The Court of Appeal has allowed an ex-CEO to bring a claim against directors for whistleblowing detriment amounting to dismissal.

The recent Court of Appeal decision in (1) Timis (2) Sage v Osipov [2018] EWCA Civ 2321 confirmed the Employment Appeal Tribunal (EAT) judgment that an employee may bring a claim against a fellow worker for whistleblowing detriment under the Employment Rights Act 1996, s 47B where the detriment is a dismissal.

In practice, this ruling will assist employees who have suffered detriment or dismissal due to whistleblowing in situations where the business they work/ed for becomes insolvent. If the employee responsible for the detriment has the funds to pay an award, a claim can be brought against them.

Alexander Osipov was CEO of International Petroleum Ltd (‘IPL’) until he was fired in 2014 after blowing the whistle about misconduct in relation to contracts in the Republic of Niger. He claimed Mr Timis (a non-executive director and majority shareholder) and Mr Sage (Chairman and also a non-executive director) had subjected him to the detriment of dismissal. IPL became insolvent; therefore, Mr Osipov had to prove Mr Timis and Mr Sage were personally liable for his dismissal. Both carried directors’ insurance.
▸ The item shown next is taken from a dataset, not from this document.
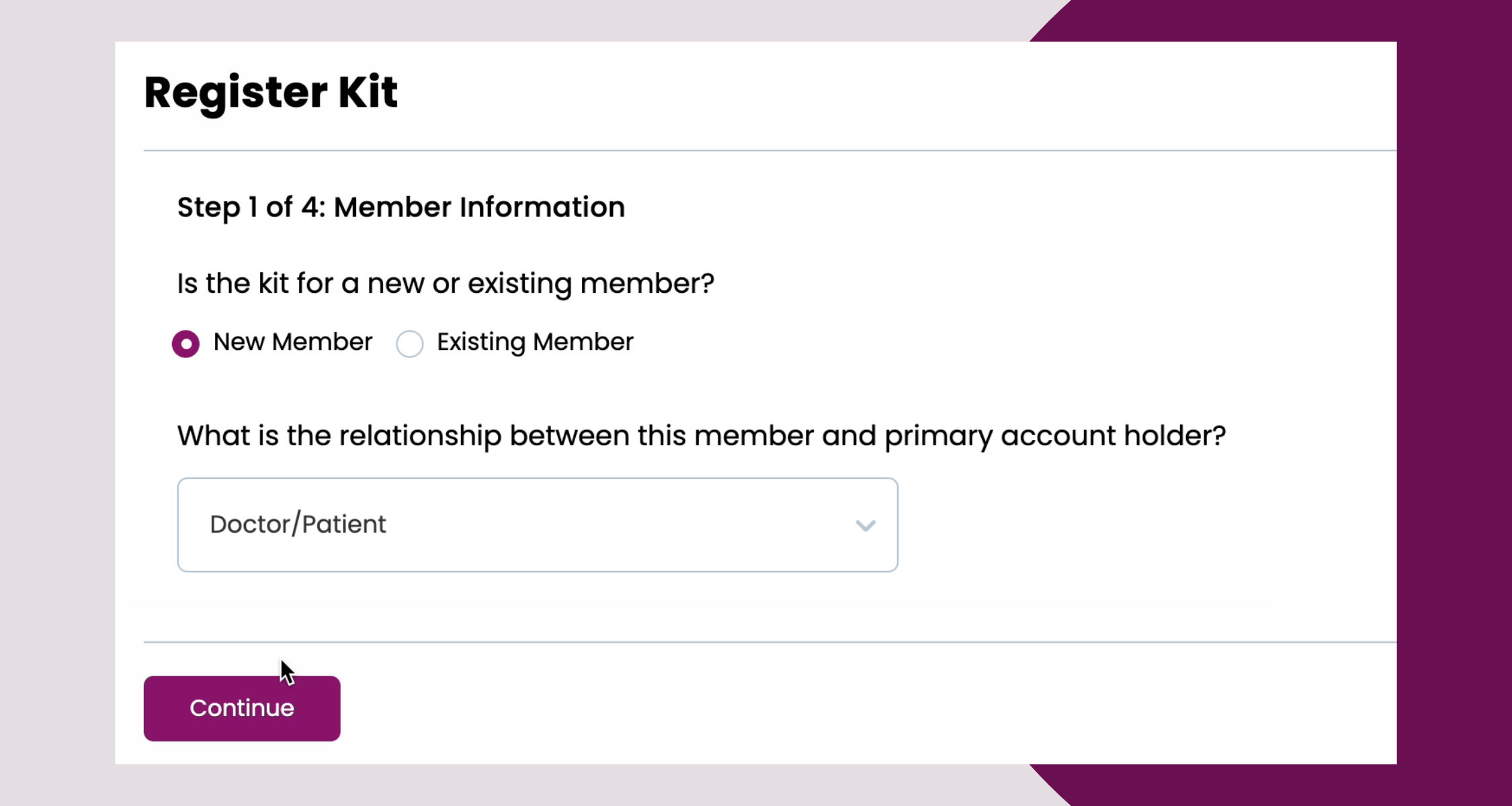 If you need to register a kit for your patient or your family member, you can select "New Member" and the relationship between you and the person being analyzed (for example Doctor/Patient).

The EAT held there was no reason an employee could not bring a claim against fellow employees for a whistleblowing detriment amounting to dismissal and for the fellow employees to pay compensation, which could be subject to an uplift for failure to follow the statutory code.

The two directors appealed on the grounds that s 47B (2) of the Employment Rights Act 1996 (which taken at face value excludes detriment claims where the detriment is a dismissal) meant they could not be liable for the Claimant’s dismissal or the losses which flowed from it.

The Court of Appeal disagreed, stating that reading s 47B (2) as not allowing a claim against a co-worker for detriment amounting to dismissal could not have been Parliament’s intention as it would produce an unsatisfactory result. Any anomalies between the protections under Part V and Part X of the Employment Rights Act 1996 – namely, availability of damages for injury to feelings and a looser causation test in the detriment provisions (s64 and s72-73) were viewed by the Court to be negligible. This is because Claimants would continue to pursue employers for automatically unfair dismissal claims wherever possible because additional remedies such as re-employment orders are only available under Part X.